[Records from a data collection]
----------

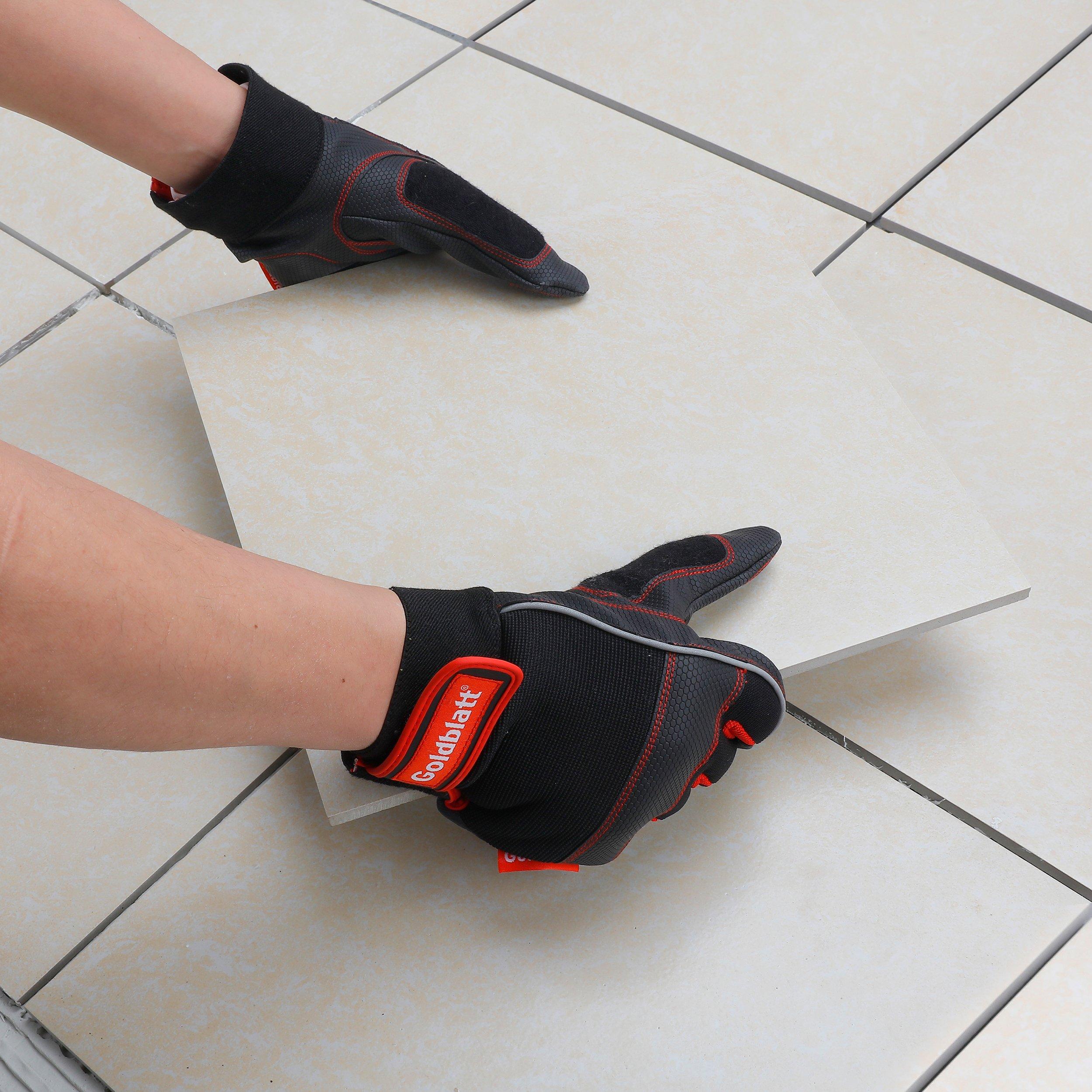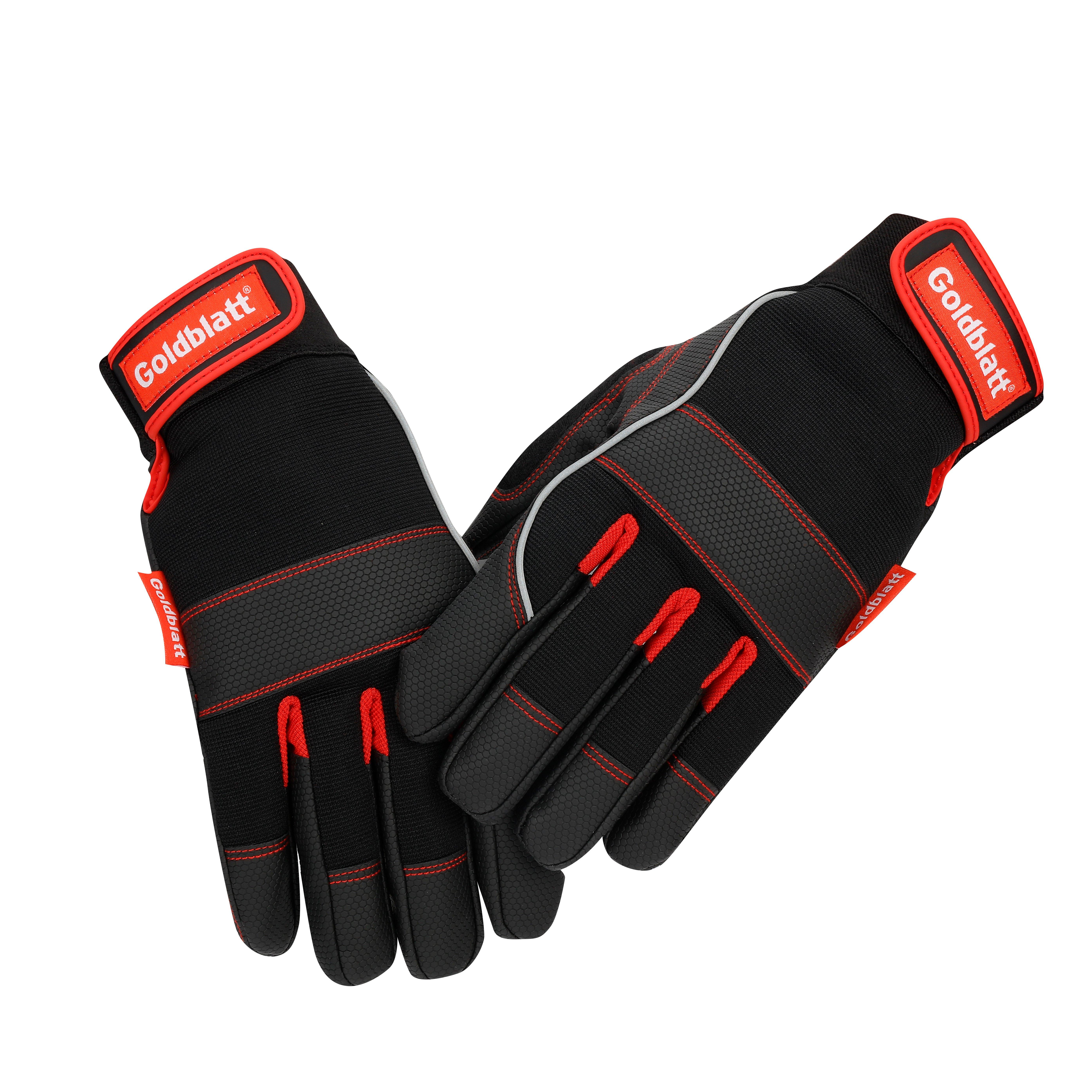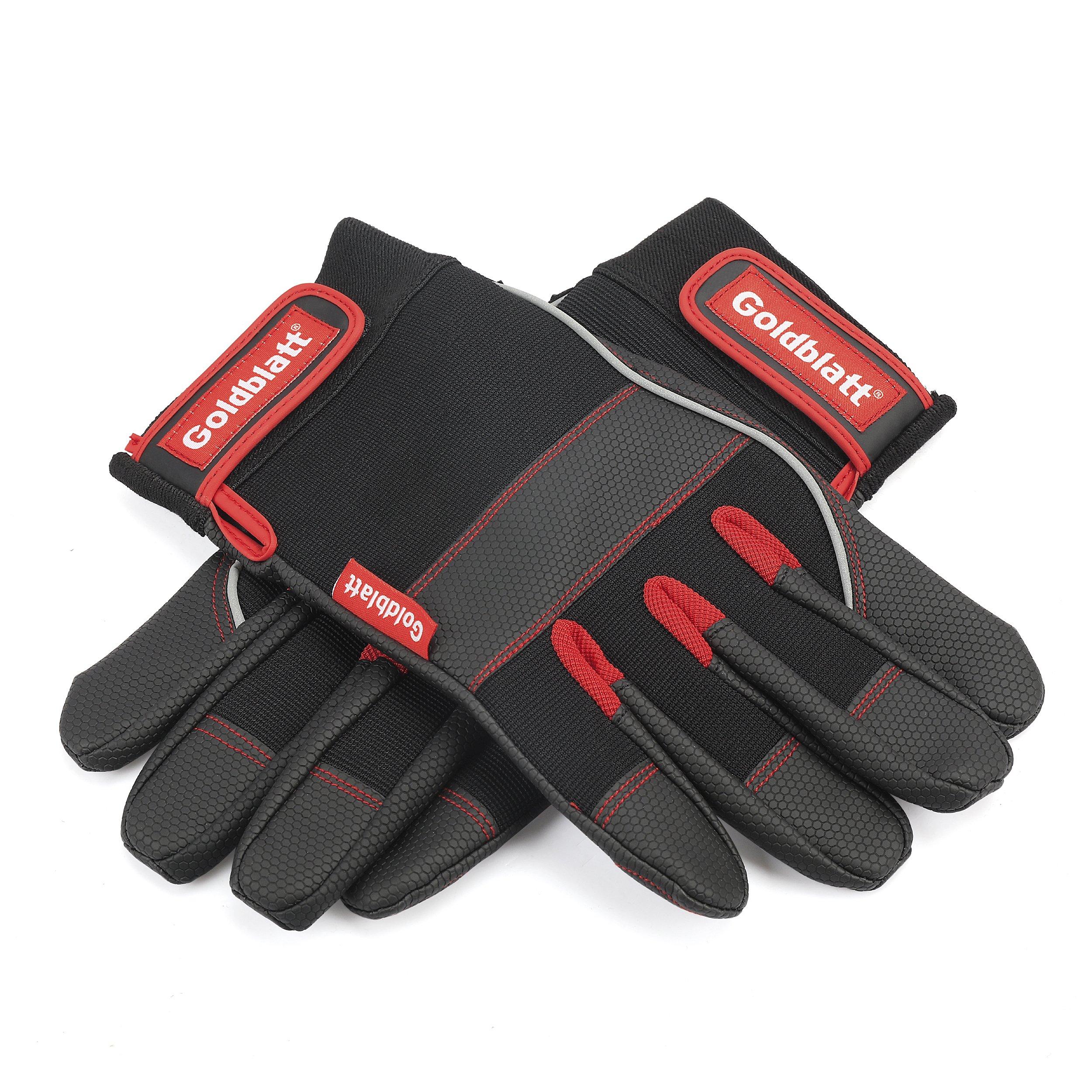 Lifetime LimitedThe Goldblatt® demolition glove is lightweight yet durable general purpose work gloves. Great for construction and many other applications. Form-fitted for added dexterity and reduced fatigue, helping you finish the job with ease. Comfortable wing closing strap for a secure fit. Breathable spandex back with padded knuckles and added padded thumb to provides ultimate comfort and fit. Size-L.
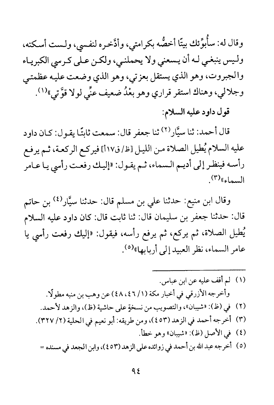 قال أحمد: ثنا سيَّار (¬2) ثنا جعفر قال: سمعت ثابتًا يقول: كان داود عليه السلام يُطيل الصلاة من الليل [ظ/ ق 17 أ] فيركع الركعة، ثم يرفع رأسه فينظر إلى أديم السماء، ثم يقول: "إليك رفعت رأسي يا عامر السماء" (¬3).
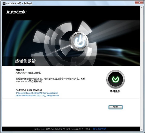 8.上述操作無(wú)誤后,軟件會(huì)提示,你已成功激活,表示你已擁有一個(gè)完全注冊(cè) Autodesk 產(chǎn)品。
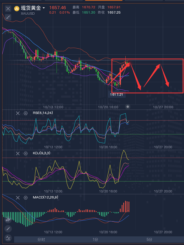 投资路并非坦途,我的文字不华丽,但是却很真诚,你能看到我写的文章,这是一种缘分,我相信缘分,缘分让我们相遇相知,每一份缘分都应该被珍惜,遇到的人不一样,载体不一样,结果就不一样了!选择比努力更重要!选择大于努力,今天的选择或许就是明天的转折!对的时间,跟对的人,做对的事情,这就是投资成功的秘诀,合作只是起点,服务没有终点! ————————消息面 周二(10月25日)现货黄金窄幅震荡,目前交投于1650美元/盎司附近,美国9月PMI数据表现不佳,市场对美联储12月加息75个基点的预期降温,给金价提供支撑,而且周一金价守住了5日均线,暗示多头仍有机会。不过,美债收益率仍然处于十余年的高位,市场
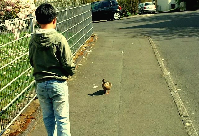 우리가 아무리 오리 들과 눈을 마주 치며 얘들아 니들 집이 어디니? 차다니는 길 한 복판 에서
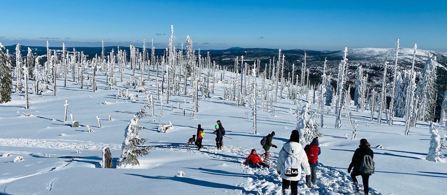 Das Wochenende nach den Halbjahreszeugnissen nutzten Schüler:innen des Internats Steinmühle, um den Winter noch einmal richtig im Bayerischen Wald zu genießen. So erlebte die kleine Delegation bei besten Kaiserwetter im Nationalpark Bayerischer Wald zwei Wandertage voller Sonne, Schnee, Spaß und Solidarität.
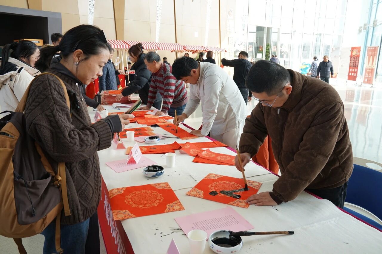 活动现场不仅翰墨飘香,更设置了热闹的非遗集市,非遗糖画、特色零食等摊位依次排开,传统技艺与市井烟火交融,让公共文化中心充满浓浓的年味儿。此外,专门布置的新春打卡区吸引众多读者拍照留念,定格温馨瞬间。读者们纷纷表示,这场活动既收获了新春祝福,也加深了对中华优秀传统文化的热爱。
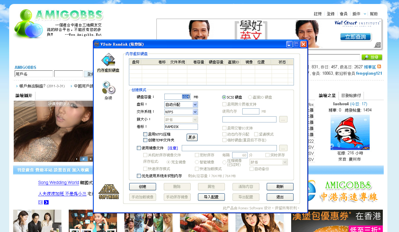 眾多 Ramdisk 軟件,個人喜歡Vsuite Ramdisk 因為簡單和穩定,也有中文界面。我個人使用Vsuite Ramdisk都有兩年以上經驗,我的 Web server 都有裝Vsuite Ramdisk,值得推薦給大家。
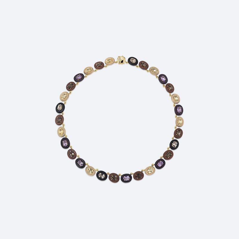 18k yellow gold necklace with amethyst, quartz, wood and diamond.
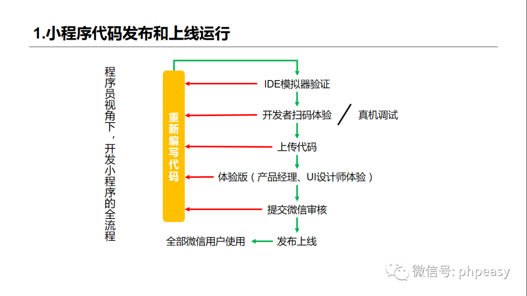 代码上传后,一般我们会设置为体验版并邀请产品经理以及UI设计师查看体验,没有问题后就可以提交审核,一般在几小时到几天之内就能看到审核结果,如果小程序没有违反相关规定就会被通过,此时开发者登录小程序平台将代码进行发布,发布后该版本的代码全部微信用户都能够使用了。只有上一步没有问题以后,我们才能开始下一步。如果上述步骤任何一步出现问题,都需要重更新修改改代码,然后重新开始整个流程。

----------

**Task instructions**
Extract the text of all the records above verbatim, excluding pictures.

**Output of the task**
 Lifetime LimitedThe Goldblatt® demolition glove is lightweight yet durable general purpose work gloves. Great for construction and many other applications. Form-fitted for added dexterity and reduced fatigue, helping you finish the job with ease. Comfortable wing closing strap for a secure fit. Breathable spandex back with padded knuckles and added padded thumb to provides ultimate comfort and fit. Size-L.
 قال أحمد: ثنا سيَّار (¬2) ثنا جعفر قال: سمعت ثابتًا يقول: كان داود عليه السلام يُطيل الصلاة من الليل [ظ/ ق 17 أ] فيركع الركعة، ثم يرفع رأسه فينظر إلى أديم السماء، ثم يقول: "إليك رفعت رأسي يا عامر السماء" (¬3).
 8.上述操作無(wú)誤后,軟件會(huì)提示,你已成功激活,表示你已擁有一個(gè)完全注冊(cè) Autodesk 產(chǎn)品。
 投资路并非坦途,我的文字不华丽,但是却很真诚,你能看到我写的文章,这是一种缘分,我相信缘分,缘分让我们相遇相知,每一份缘分都应该被珍惜,遇到的人不一样,载体不一样,结果就不一样了!选择比努力更重要!选择大于努力,今天的选择或许就是明天的转折!对的时间,跟对的人,做对的事情,这就是投资成功的秘诀,合作只是起点,服务没有终点! ————————消息面 周二(10月25日)现货黄金窄幅震荡,目前交投于1650美元/盎司附近,美国9月PMI数据表现不佳,市场对美联储12月加息75个基点的预期降温,给金价提供支撑,而且周一金价守住了5日均线,暗示多头仍有机会。不过,美债收益率仍然处于十余年的高位,市场
 우리가 아무리 오리 들과 눈을 마주 치며 얘들아 니들 집이 어디니? 차다니는 길 한 복판 에서
 Das Wochenende nach den Halbjahreszeugnissen nutzten Schüler:innen des Internats Steinmühle, um den Winter noch einmal richtig im Bayerischen Wald zu genießen. So erlebte die kleine Delegation bei besten Kaiserwetter im Nationalpark Bayerischer Wald zwei Wandertage voller Sonne, Schnee, Spaß und Solidarität.
 活动现场不仅翰墨飘香,更设置了热闹的非遗集市,非遗糖画、特色零食等摊位依次排开,传统技艺与市井烟火交融,让公共文化中心充满浓浓的年味儿。此外,专门布置的新春打卡区吸引众多读者拍照留念,定格温馨瞬间。读者们纷纷表示,这场活动既收获了新春祝福,也加深了对中华优秀传统文化的热爱。
 眾多 Ramdisk 軟件,個人喜歡Vsuite Ramdisk 因為簡單和穩定,也有中文界面。我個人使用Vsuite Ramdisk都有兩年以上經驗,我的 Web server 都有裝Vsuite Ramdisk,值得推薦給大家。
 18k yellow gold necklace with amethyst, quartz, wood and diamond.
 代码上传后,一般我们会设置为体验版并邀请产品经理以及UI设计师查看体验,没有问题后就可以提交审核,一般在几小时到几天之内就能看到审核结果,如果小程序没有违反相关规定就会被通过,此时开发者登录小程序平台将代码进行发布,发布后该版本的代码全部微信用户都能够使用了。只有上一步没有问题以后,我们才能开始下一步。如果上述步骤任何一步出现问题,都需要重更新修改改代码,然后重新开始整个流程。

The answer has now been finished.